Who might be ideal for this sort of therapy?
The sickest of patients would be too frail to undergo chemotherapy, and a patient with mild disease wouldn’t find the risk-benefit attractive. It would essentially be someone with severe disease who isn’t responding well to current available drugs, but is strong enough to undertake the risk of chemotherapy to not have sickle cell disease anymore.
In adult medicine, we have moved away from paternalism, so our approach is: if you have sickle cell disease, and you understand the procedure, risks, and alternatives, and you still want to opt for the gene therapy, we will support you and do our best to help you succeed. It’s a shared decision-making process with the patient to make sure they understand what they’re getting themselves into.
In children for whom this therapy is appropriate, it’s a different approach. It’s more a medicine-based approach, where you only reach for the extreme care when you’ve exhausted all other options and you can say with relative certainty that the child would otherwise be certain to experience bad outcomes. An example would be if a child had had a stroke after maximal treatment and continued to have another stroke, then a transplant or gene therapy could be considered.
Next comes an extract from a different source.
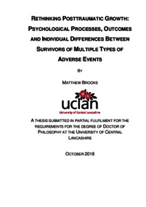 This thesis examines the claim that people can report positive changes following adverse experiences, in a phenomenon known as posttraumatic growth (PTG). Existing literature has advanced knowledge of factors related to PTG, although the applicability of existing theories to explain PTG in survivors of multiple adverse events is unclear. The extent to which PTG is related to event characteristics and posttraumatic stress is ambiguous. In addition, factors associated with long-term PTG change are poorly understood, and there are concerns that PTG may not always reflect positive improvements in well-being. Adopting a mixed-method approach across four studies, this thesis investigated the psychological processes implicated in PTG development, beginning with the characteristics of the adverse event, followed by attempts to understand the experience, and concluding with longer-term PTG outcomes. Study 1 addressed a gap in the literature by examining the extent to which the type, frequency and timing of adverse events were associated with PTG in 268 survivors of multiple and wide-ranging events. It was found that while the type, frequency and timing of adverse events were unrelated to growth, event characteristics shaped emotional responses to the event which were conducive of PTG. Study 2 explored these individual differences in PTG outcomes using semi-structured interviews with 26 people exposed to cumulative adversity from Study 1. Findings provided insight into the psychological factors that facilitate or inhibit PTG, drawing attention to the social context in which growth can occur and emphasising the key role of cognitive processes. Study 3 drew upon key cognitive themes from Study 2 to develop a model to explain relationships between cognitive processing variables not accounted for in existing PTG frameworks in 250 survivors of multiple types of adverse events to report growth and distress. Finally, Study 4 assessed the factors that influence PTG trajectories over an 18-month period using the 268 participants from studies 1 to 3. Intrusive thoughts were the strongest predictor of the average growth trajectory, regardless of the type, frequency, or experience of subsequent events. Four distinct PTG trajectories were revealed that were influenced by a range of psychosocial variables that promoted positive well-being. Growth reports also appeared to serve as a coping strategy. The unique contributions of this thesis have implications for understanding the nature and process of PTG. First, existing PTG models require further revision and expansion to accommodate individual differences. Second, event characteristics can indirectly influence growth through coping, cognitive and social factors that allow people to succumb or thrive after cumulative adverse events. Third, growth is accompanied by distress and vice-versa. Fourth, growth may reflect a coping strategy to minimise distress and thus not reflect actual change, yet also co-exist alongside enhanced psychological functioning in other cases. Finally, PTG is not always consistent or stable over time as previously thought, and can serve different psychological functions. More mixed-method and longitudinal investigations are needed to advance the study of PTG so that firm recommendations can be made to inform clinical practice.

There might be many who would not opt for this, given that there are many good treatments that could help manage the condition, as well as more drugs in development. But these gene therapies open up options for a tremendous number of people. They are a cure for sickle cell disease as much as a bone marrow transplant is considered a cure. We know from bone marrow transplant patients who have lived decades after the procedure that the benefit continues to be a durable effect for the rest of their life. While we can’t predict how patients will fare decades down the road, since the first patients for these gene therapies got them in 2014, we are hopeful they will see similar durable benefit as well.